ABOUT THIS EXERCISE —
Could you repeat every line below exactly, skipping the images?

----- DATA PROVIDED -----

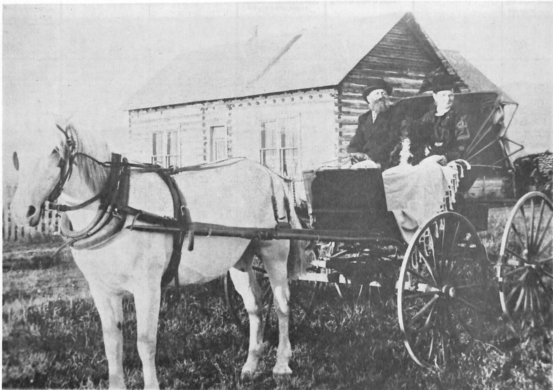
Carl Erickson and wife Beata seated in buggy in front of log house in Freedom.
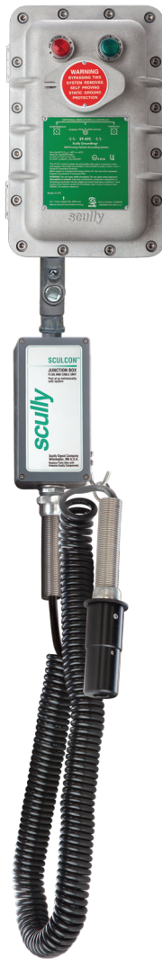
Scully Groundhog Control Monitor with Plug and Cable
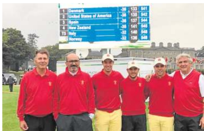
▲ World Championships. Spanish golf claimed its fourth medal in the men's World Amateur Team Championship with a third-placed finish at the Carton House Golf Club in Maynooth (Ireland) last month.
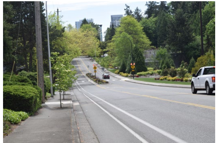
112th Avenue NE facing south towards downtown
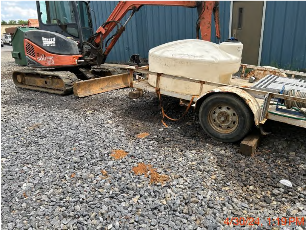
Large petroleum stain
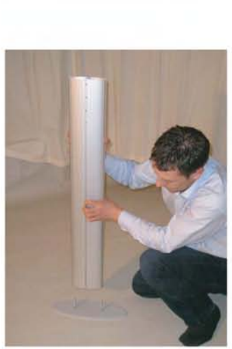
1 Position Posts onto Spigotted Base
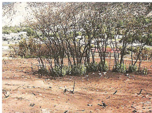
Figure 2. Oak brush sprouting after fire.

Gambel oak rarely reproduces from acorns; most reproduction is vegetative with sprouts occurring from a deep, extensive root system. Clones of oak brush spread slowly but stubbornly persist in previously colonized areas.
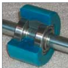
Rollers with ball bearing
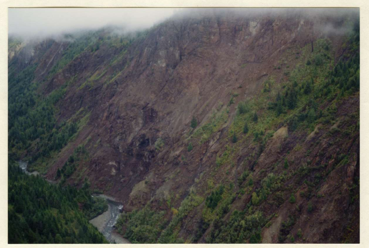
THE DOUBLE ED DEPOSIT AT ANYOX PRODUCED 1,229,235 TONNES OF 1.3% Cu, 0.6% Zn
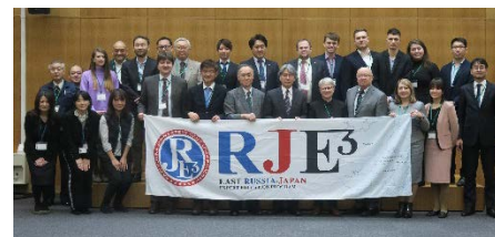
(RJE3 Summary Symposium)

Reports written by students participated, information on events and related activities were immediately posted on the RJE3 Program website and social media. The FY 2018 Progress Report, the Course Guide for FY 2019 and 2 newsletters were also published.
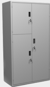
0 02 022
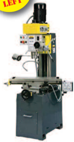
BFM 50 PG with Stand Geared Head Mill / Drill with Power Feed
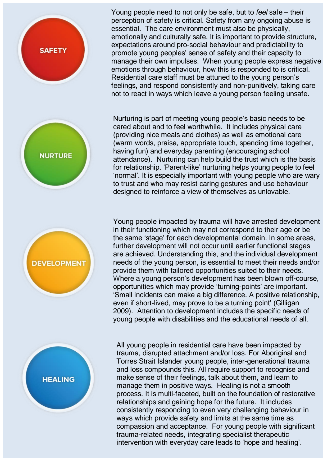
Figure 1: Fundamentals of residential care
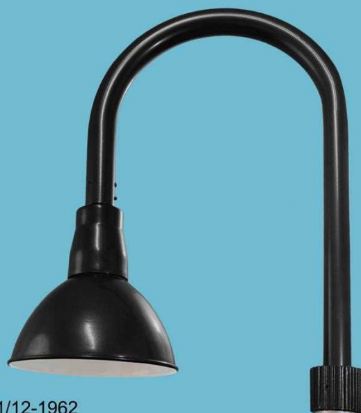
Cat# 41/12-1962 Ht. 28" Ext. 25" Dia. 12" 14", 16", 18" Dia. available 3" Post Fitter
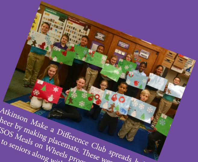
Atkinson Make a Difference Club spreads holiday cheer by making placemats. These were taken to the WSOS Meals on Wheels program and were handed out to seniors along with their meals.
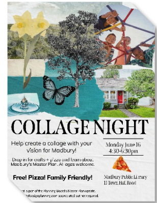
A collage night at the library provided residents of all ages the chance to share their vision for Madbury through art.
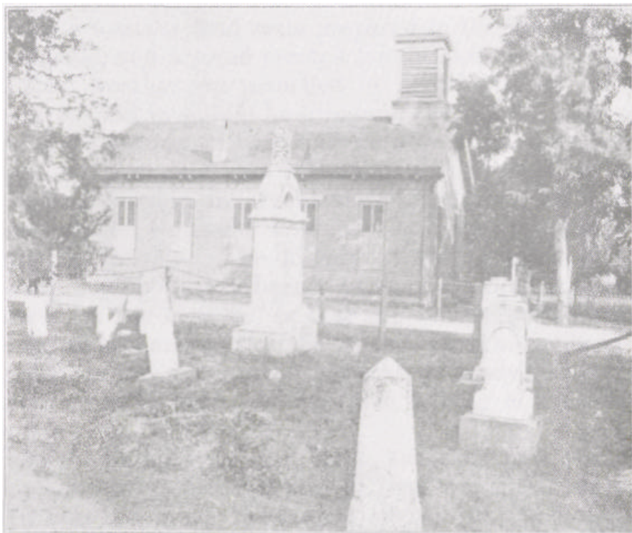
CHURCH AT NEW ANTIOCH, O.
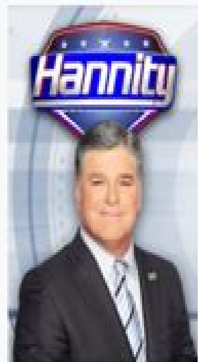
Hannity Weeknights at 9 pm
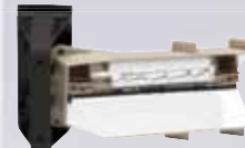
Angled Strobe Corner
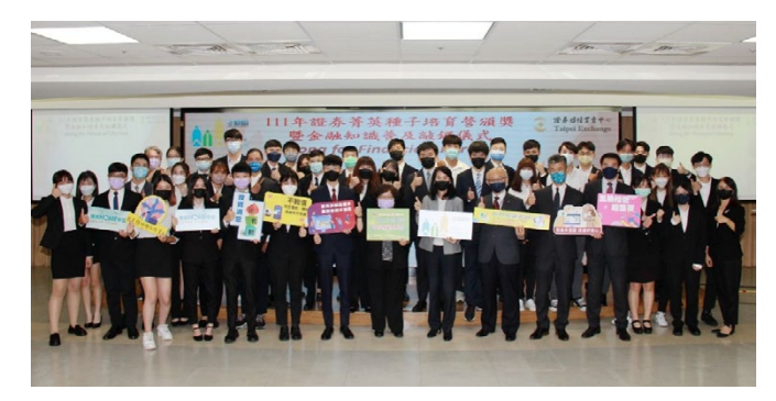
TPEx jointly held the 2022 Financial Elite Camp Award Ceremony and "Striking the Gong for Financial Literacy Campaign" to support WIW

-----

PROBLEM SOLUTION —
Carl Erickson and wife Beata seated in buggy in front of log house in Freedom.
Scully Groundhog Control Monitor with Plug and Cable
▲ World Championships. Spanish golf claimed its fourth medal in the men's World Amateur Team Championship with a third-placed finish at the Carton House Golf Club in Maynooth (Ireland) last month.
112th Avenue NE facing south towards downtown
Large petroleum stain
1 Position Posts onto Spigotted Base
Figure 2. Oak brush sprouting after fire.

Gambel oak rarely reproduces from acorns; most reproduction is vegetative with sprouts occurring from a deep, extensive root system. Clones of oak brush spread slowly but stubbornly persist in previously colonized areas.
Rollers with ball bearing
THE DOUBLE ED DEPOSIT AT ANYOX PRODUCED 1,229,235 TONNES OF 1.3% Cu, 0.6% Zn
(RJE3 Summary Symposium)

Reports written by students participated, information on events and related activities were immediately posted on the RJE3 Program website and social media. The FY 2018 Progress Report, the Course Guide for FY 2019 and 2 newsletters were also published.
0 02 022
BFM 50 PG with Stand Geared Head Mill / Drill with Power Feed
Figure 1: Fundamentals of residential care
Cat# 41/12-1962 Ht. 28" Ext. 25" Dia. 12" 14", 16", 18" Dia. available 3" Post Fitter
Atkinson Make a Difference Club spreads holiday cheer by making placemats. These were taken to the WSOS Meals on Wheels program and were handed out to seniors along with their meals.
A collage night at the library provided residents of all ages the chance to share their vision for Madbury through art.
CHURCH AT NEW ANTIOCH, O.
Hannity Weeknights at 9 pm
Angled Strobe Corner
TPEx jointly held the 2022 Financial Elite Camp Award Ceremony and "Striking the Gong for Financial Literacy Campaign" to support WIW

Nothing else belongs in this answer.